Dedi ve gittiğini ayak seslerinden anladım.
Derin bir nefes verdim ve yaşlar tekrar kendilerini serbest bıraktılar.
Onlara teşekkür borçluydum, Aras'ın yanında çok isteseler de akmadıkları için..
*
Aralıksız iki saat ağladıktan sonra gözlerimi silip ayağa kalktım.
Haliyle boğazım kurumuştu. Hıçkırıklarımı duymasın diye yastığı sıkmaktan ağrıyan çenemi elimle ovuşturdum.
Söyledikleri aklıma gelince hızla mutfağa gittim. Üç bardak su içtikten sonra neden hâla bu evde olduğumu düşündüm..
Gitmem gerekmez miydi?
Beni sevmediğini söylemişti ve ben yüzsüzlük yaparak onunla aynı evde kalıyordum.
Bir de yanımda uyumayı teklif etmişti!
Hemen gitmeliydim buradan. Ve çorabım yatağın yanındaydı.
Yavaş adımlarla yatağın olduğu bölüme ilerledim.
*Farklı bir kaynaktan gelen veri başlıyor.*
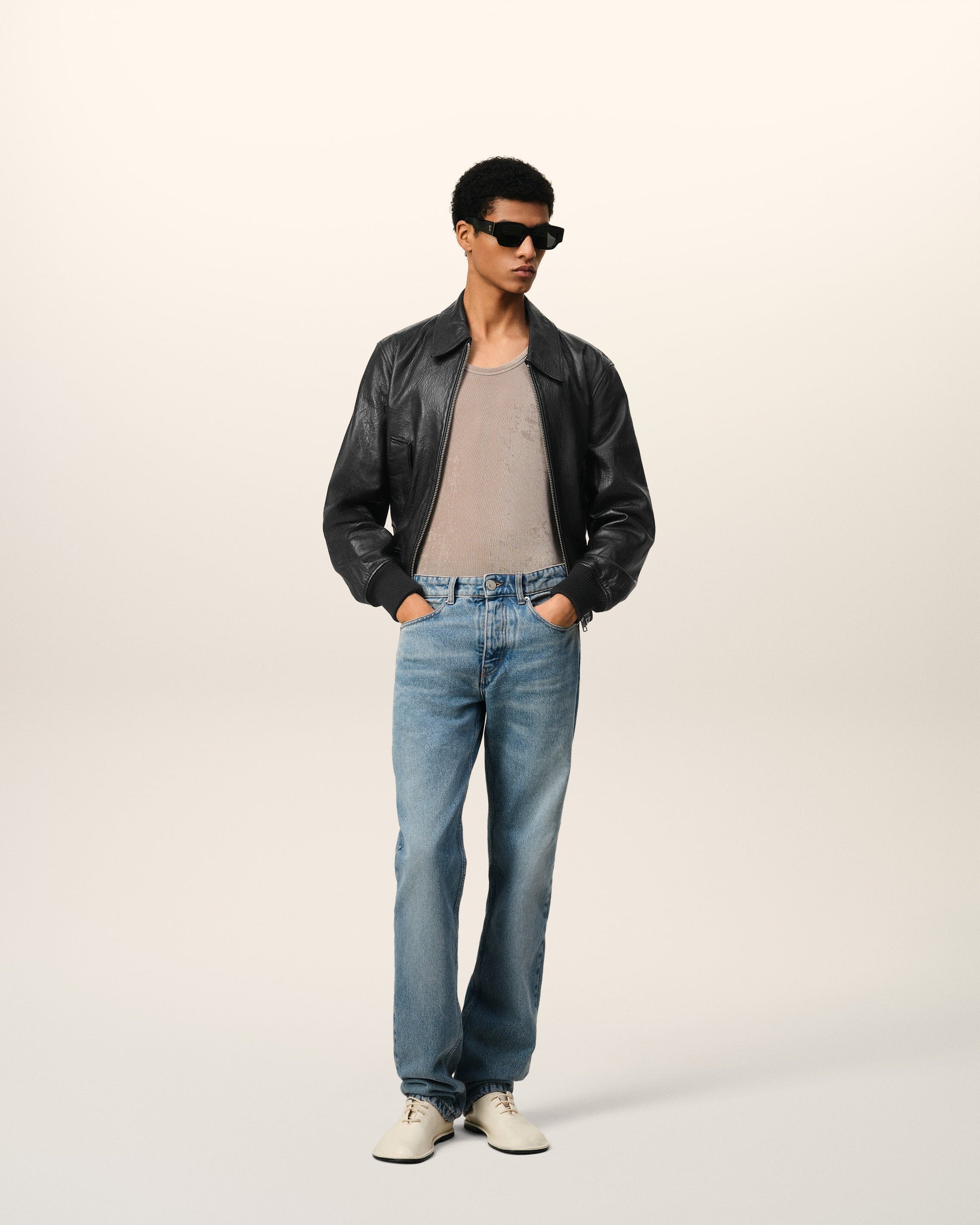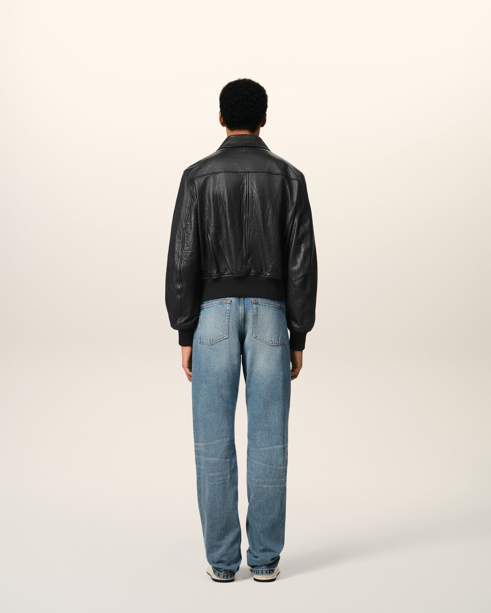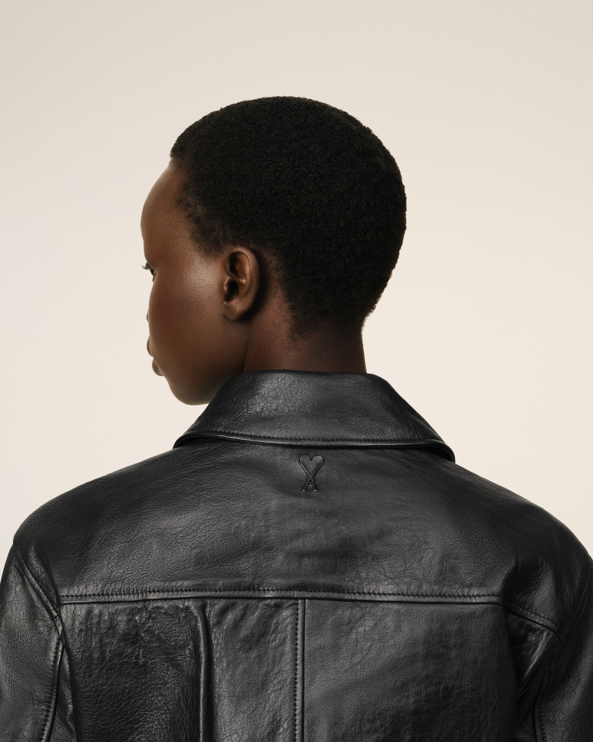 Jacket in smooth lamb leather. Unisex product Ami de Coeur embossed logo on the back under collar 59 cm center back length (size M) 55 cm center back length (size XS) Fully lined Silver metal double zipper with "Ami" and Ami de Coeur engraved pullers Side raglan pockets with invisible snap buttons engraved "Ami Paris" Made in Turkey (with love) REF : UJK038.LH0044.001

Gördüklerim karşısında sessizce güldüm fakat sol gözümden düşen damlaya engel olamadım..
Aras; kollarını ve bacaklarını iki yana açmış, yatağa sarılır bir pozisyonda uyuyordu.
Onu öpme isteğime lanet ettim.
Çorabımı almak için eğildiğimde kolumda hissettiğim dokunuşla çığlık atmamak için kendimi zor tuttum. Çorabı hızla alıp doğrulduğumda Aras'ın bana bakan yüzüyle karşılaştım.
"Azra sen hâlâ uyumadın mı?"
Uyku mahmurluğuyla ne dediğini bilmiyordu. Sesi o kadar masumdu ki..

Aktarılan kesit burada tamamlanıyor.